For more advanced usage, you can create a custom prompt library in your R session:

# Create custom prompts for different projects
ai_prompt_register("my_package", "As an R package developer reviewing the 'mypackage' codebase.")
ai_prompt_register("data_cleaning", "Analyzing the customer_data.csv dataset with missing values.")
ai_prompt_register("reporting", "Create a Quarto document report for business stakeholders.")

# Switch between contexts as you work
ai_prompt("my_package")
# ... work on package development ...

ai_prompt("data_cleaning")
# ... work on data cleaning ...

Prompt Management in .Rprofile

For persistent prompt management, you can add code to your .Rprofile This file is executed every time you start R, allowing you to set up your environment. Most users will have a .Rprofile file in their home directory. You can create or edit this file to include your prompt management code.

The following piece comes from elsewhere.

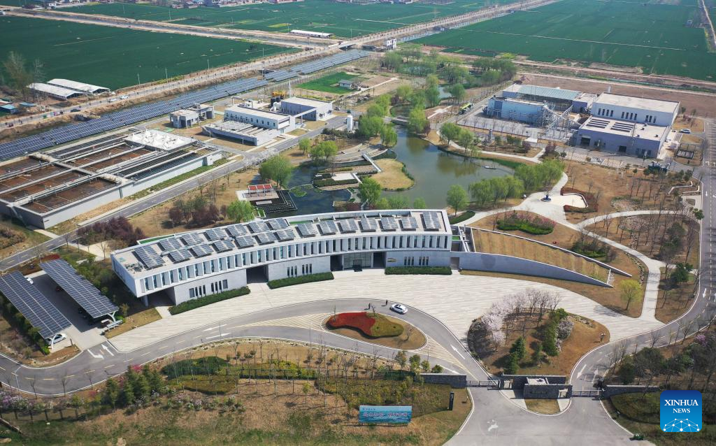 This aerial photo taken on March 28, 2023 shows the No. 3 sewage treatment plant in Suixian County of Shangqiu, central China's Henan Province. The No. 3 sewage treatment plant of Suixian County, completed in 2018, is a new concept sewage treatment facility combining wastewater treatment, biomass power generation, scientific research, science popularization, and eco-agriculture demonstration functions. The high-standard recycled water processed by the plant has improved the water quality of the local Limin river. (Xinhua/Zhang Haoran)

To create or edit the .Rprofile file, you can use the following command in R:

# Creating or editing the file:
file.edit("~/.Rprofile")

Then, you can add the following code to set up your prompt management system:

# In .Rprofile
.First <- function() {
  if (requireNamespace("searcher", quietly = TRUE)) {
    # Register custom prompts
    searcher::ai_prompt_register(
      "work",
      "As an R analyst at XYZ company working with our sales database:", 
      overwrite = TRUE
    )
    
    # Set default prompts for different AI services
    options(
      searcher.chatgpt_prompt = "Provide R code with tidyverse packages:",
      searcher.claude_prompt = "Give me both base R and tidyverse solutions:"
    )
    
    # Set a default system-level prompt if desired
    # searcher::ai_prompt("debugging")
  }
}

Conclusion

The prompt management system in searcher provides a flexible and powerful way to create, manage, and apply prompts for AI search functions. Through using system-level prompts, service-specific prompts, and custom prompts, you can tailor the AI’s responses to your specific needs and context. This approach enhances the quality of AI-generated responses and, subsequently, helps you save time and improve the efficiency of your R workflow.

The system presented in this vignette transforms the custom prompts described in vignette("search-with-ai-assistants", package = "searcher") from one-off tools into a systematic library that can be maintained, shared, and reused. This represents a shift from ad-hoc prompting to a more deliberate approach that treats prompts as valuable assets in your R programming toolkit.